С полудня повсюду начал раздаваться стук - это били десятки молотков, потому что каждый матрос теперь превратился в бочара. Масло, еще теплое, разливалось по бочкам которые, одна за другой устанавливаются днищем к днищу. Наконец последнее масло остужено и последняя бочка ушла в трюм, чтобы обрести покой среди волн морских.
Дело сделано, крышки люков водворяются на место. Но команда не отдыхает. Грязнули китобои, насквозь пропитанные салом, наводят чистоту. Все вокруг покрыто смесью крови, жира, копоти и сажи. Но проходит день и все уже отмыто до бела и протравлено очень крепким щелоком, приготовляемом из золы. Потому-то на китобойце палуб никогда не бывает такой чистой, как после "масляного дела". В отчищеных котлах нагревают воду. Люди тоже отмываются; переодеваются с ног до головы во все свежее и наконец выходят на белоснежную палубу, сверкая чистотой, как после предпасхальной уборки.
Но там, в вышине, на топах всех трех мачт, стоят трое дозорных и пристально высматривают вдали китов, которые, если их поймают, опять превратят белую палубу в предверие ада.
Случилось это уже через неделю.
2 мая прямо по носу милях в пяти от нас, образуя широкий полукруг, охватывающий полгоризонта, непрерывной цепью играли и искрились в полуденном воздухе сотни двойных фонтанов.
Расправив все паруса, "Царица" устремилась вперед с попутным ветром, а гарпунщики потрясали своим оружием и громко кричали, стоя в еще не спущенных вельботах.
Мы постепенно настигали стадо, но тут ветер спал и Сторп отдал приказ спускать вельботы. В этот раз я шел гребцом на вельботе Горякова. Его загребной сильно обжегся маслом и еще не мог грести в полную силу.
Сбросив одежду, в одних нижних рубашках, мы что было сил навалились на весла и после часа отчаянной гонки приблизились к пасущемуся стаду.
Вельботы, как полагается в подобных случаях, сразу же разделились, и каждый, выбрав себе одного какого-нибудь кита на краю стада, устремился к нему. Не прошло и трех минут, как мы приблизились к своему киту.
"Костя! Влепи ему!" - скомандовал штурман.
Тот вскочил и с обычным своим визгом метнул гарпун.
"Табань!".
Мы заработали веслами, и в то же мгновение что-то горячее со свистом заскользило по моим запястьям. Это был линь.
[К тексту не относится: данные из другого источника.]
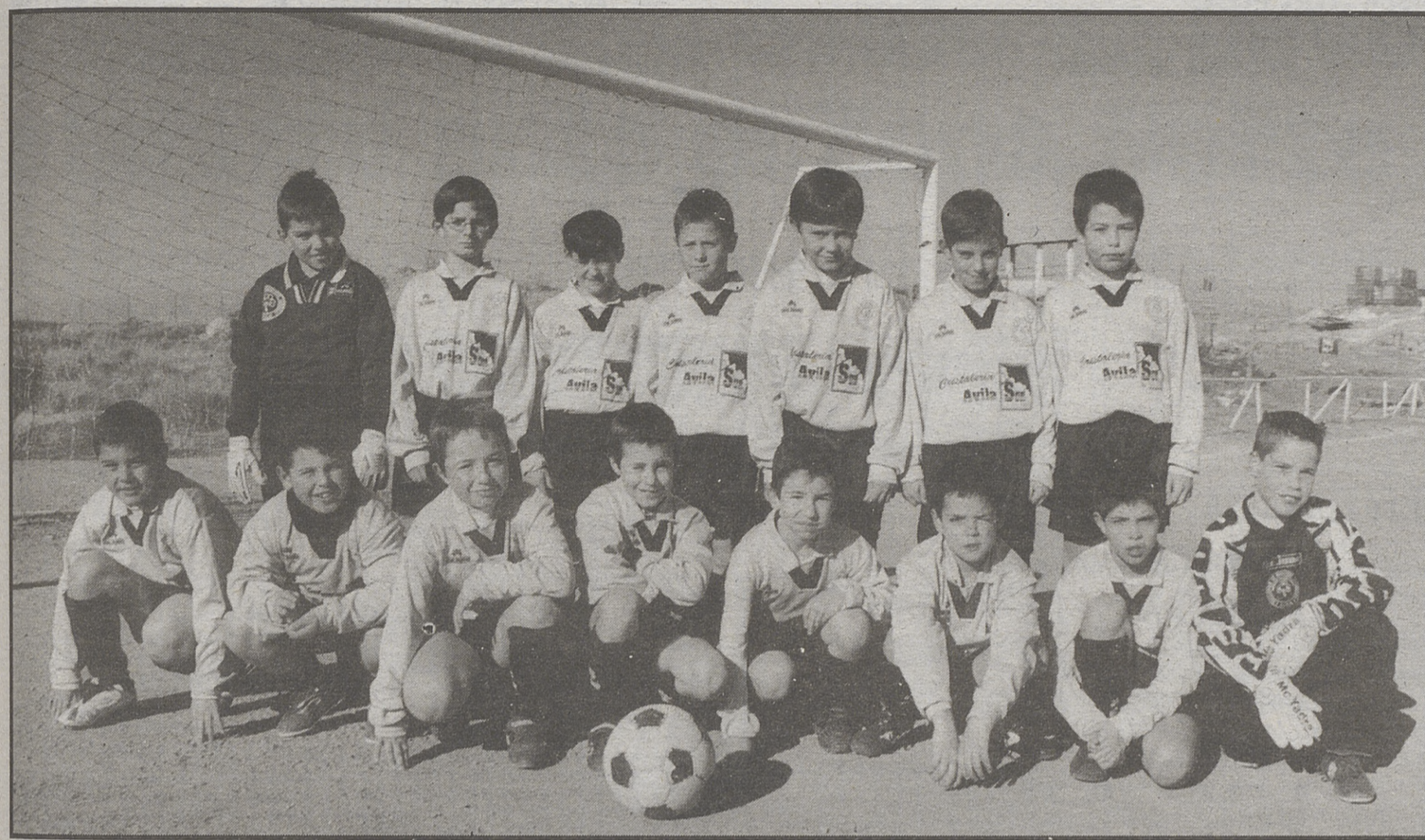
Componentes del equipo A de la categoría benjamín de la Zona Norte.

Что было дальше я помнил смутно и фрагментарно. Погоня за китом. Долгое его добивание. Ясно запечатлелось в памяти последний момент, когда кит выпустил черный фонтан, рванулся со страшной силой, извергнул
поглощенную прежде пищу и, перевернувшись на спину, трупом закачался на волнах.
Потом была долгая его буксировка, также не оставшаяся в памяти из-за невероятной усталости.
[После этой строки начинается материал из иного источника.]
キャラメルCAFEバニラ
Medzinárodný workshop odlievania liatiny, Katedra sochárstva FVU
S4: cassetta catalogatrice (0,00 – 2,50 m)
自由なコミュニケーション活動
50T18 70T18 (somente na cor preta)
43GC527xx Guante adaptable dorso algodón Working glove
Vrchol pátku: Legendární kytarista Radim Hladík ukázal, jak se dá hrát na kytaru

Мне было 16 лет и это был мой первый кит.
Тогда мы взяли всего 4 кита и следующие три дня занимались разделкой.
В подтверждение народной мудрости, что везет дуракам и пьяницам, мы уже в начале мая стали поливать бочки*(9)
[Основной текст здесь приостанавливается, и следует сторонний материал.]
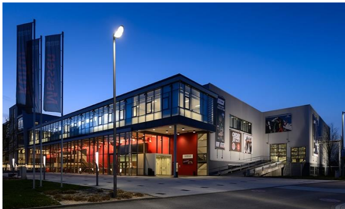
Es dauert nun bis 2022, bis die erste all about automation in der Redblue Messehalle Heilbronn stattfindet.

Die für den 5. + 6. Mai 2021 in Hamburg und den 19. + 20. Mai 2021 in Heilbronn geplanten all about automation Messen finden aufgrund der Corona-Pandemie nicht statt. Aktuell ist weiterhin unklar, wann und unter welchen Voraussetzungen Messen wieder möglich sind. Auch wenn das regionale Messeformat der all about automation weniger komplex ist, benötigt es für Besuchermarketingkampagnen und organisatorische Messevorbereitungen bei Veranstalter und Ausstellern mehrere Monate. Die fehlende Planungssicherheit führt jetzt
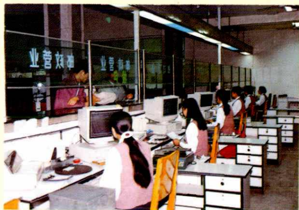
邮政营业窗口实现电子化
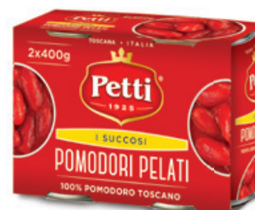
3x400g / 2x400g

За следующие две недели мы добыли еще 6 китов, загрузили весь трюм и даже на палубе выставили полсотни бочек, опасаясь каждый миг, что под их тяжестью рассядутся старые бимсы.
Уже в середине июля мы смогли отправиться за новой добычей и опять вернулись бы с полными трюмами. Но бедная Гнилушка начала набирать воду с такой быстротой, что помпы сначал работали по 2, потом по 3 и по 4 часа в день, выматывая команду. Не расчитывая утопить нас сразу, Гнилушка могла уморить нас работой на помпе. Когда за одну вахту мы ломались на помпе целый час, даже до Сторпа дошло, что судно разваливается.
После того, как в Петропавловской гавани с днища "Царицы" ободрали медную обшивку, оказалось, что под ней сплошная гниль. На эту атракцию приходили смотреть моряки со всех судов в гавани, не зная, чему больше поражаться - нашей глупости или везению. Ведь не смотря на все добычу мы взяли неплохую. Даже я, со своей 1000-й долей получил 622 рубля.
"Царская" удача не оставила меня и потом. В следующем году уже я плавал в школе левитов.*(10)"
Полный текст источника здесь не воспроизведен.